Instructions to follow:
Print the listing exactly as it stands. Skip every picture.

Source material:
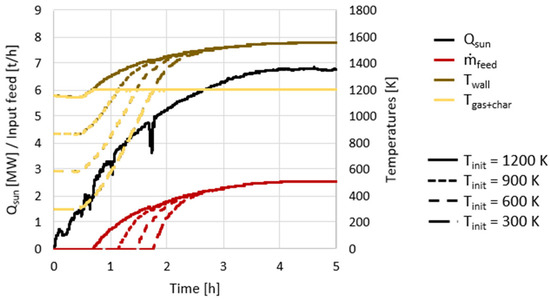 2]. However, solar thermochemical processes require the handling of solar power fluctuations for continuous day and night processing. Several methods have been proposed to mitigate the effects of fluctuating solar power availability on solar gasification. The benefit of heat storage in maintaining a sufficiently high temperature throughout day–night operations can be considered. The thermal inertia of reactors can be improved to buffer solar power variations. Internal heat storage can be achieved in molten-salt reactor designs [
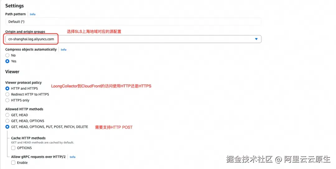 - CloudFront 再将请求回源转发到阿里云 SLS 写入端
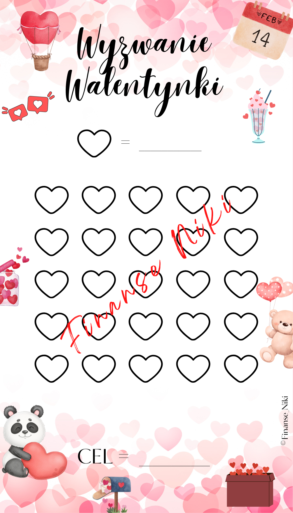 Określ cel oraz podziel zaplanowaną kwotę przez ilość serduszek i tym samym wiesz już jaką wartość musisz wpłacać.

Answer to the problem:
 2]. However, solar thermochemical processes require the handling of solar power fluctuations for continuous day and night processing. Several methods have been proposed to mitigate the effects of fluctuating solar power availability on solar gasification. The benefit of heat storage in maintaining a sufficiently high temperature throughout day–night operations can be considered. The thermal inertia of reactors can be improved to buffer solar power variations. Internal heat storage can be achieved in molten-salt reactor designs [
 - CloudFront 再将请求回源转发到阿里云 SLS 写入端
 Określ cel oraz podziel zaplanowaną kwotę przez ilość serduszek i tym samym wiesz już jaką wartość musisz wpłacać.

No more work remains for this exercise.